* WHAT YOU ARE ASKED TO DO: Repeat the listing exactly, line by line, and leave the pictures behind.

* GIVEN INFORMATION:
──────

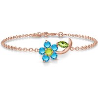 Peridot & Blue Topaz Elora Charming Flower Bracelet in 9ct Rose Gold
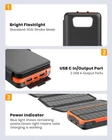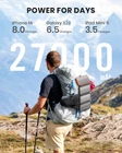 Super-Fast Charging: With a 22.5W fast charging speed, the battery backup can charge your iPhone 11 up to 65% in just 30 minutes, helping you stay connected and powered up on the go. Solar Charging: Equipped with 4 solar panels and capable of generating up to 6W of power in direct sunlight, the solar power bank provides a reliable source of energy to recharge your devices when you're off the grid. Power for Days: The solar charger boasts a massive 27000mAh capacity, allowing you to charge an iPhone 8 times or a tablet 3.5 times before needing to recharge the power bank itself. Built for the Outdoors: Take your outdoor adventures to the next level with this durable portable solar charger. Its robust construction is dust and drop resistant, and the foldable design allows for easy attachment to your backpack or packing in your bag. Fast Recharging: Thanks to its 18W high-speed USB-C input/output, the solar power charger can be fully recharged in just 5 hours with a PD 20W charger(not included), so you can quickly get back to using it to power your devices.
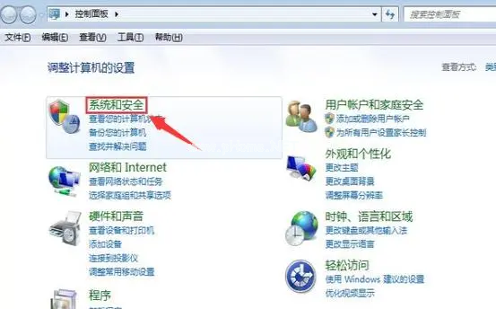 1、打開(kāi)電腦中的“控制面板”,點(diǎn)擊進(jìn)入系統(tǒng)和安全。
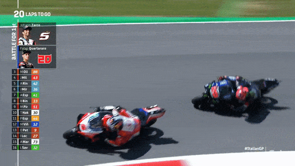 The fight for the race lead also distracted us from the thrilling duel for 3rd between Roberts and Bezzecchi, which changed hands more than a hot potato – Bezzecchi got back ahead on Lap 19, but Roberts braked deep into Turn 1 and was back into 3rd to start the penultimate lap….

──────

* TASK RESULT:
 Peridot & Blue Topaz Elora Charming Flower Bracelet in 9ct Rose Gold
 Super-Fast Charging: With a 22.5W fast charging speed, the battery backup can charge your iPhone 11 up to 65% in just 30 minutes, helping you stay connected and powered up on the go. Solar Charging: Equipped with 4 solar panels and capable of generating up to 6W of power in direct sunlight, the solar power bank provides a reliable source of energy to recharge your devices when you're off the grid. Power for Days: The solar charger boasts a massive 27000mAh capacity, allowing you to charge an iPhone 8 times or a tablet 3.5 times before needing to recharge the power bank itself. Built for the Outdoors: Take your outdoor adventures to the next level with this durable portable solar charger. Its robust construction is dust and drop resistant, and the foldable design allows for easy attachment to your backpack or packing in your bag. Fast Recharging: Thanks to its 18W high-speed USB-C input/output, the solar power charger can be fully recharged in just 5 hours with a PD 20W charger(not included), so you can quickly get back to using it to power your devices.
 1、打開(kāi)電腦中的“控制面板”,點(diǎn)擊進(jìn)入系統(tǒng)和安全。
 The fight for the race lead also distracted us from the thrilling duel for 3rd between Roberts and Bezzecchi, which changed hands more than a hot potato – Bezzecchi got back ahead on Lap 19, but Roberts braked deep into Turn 1 and was back into 3rd to start the penultimate lap….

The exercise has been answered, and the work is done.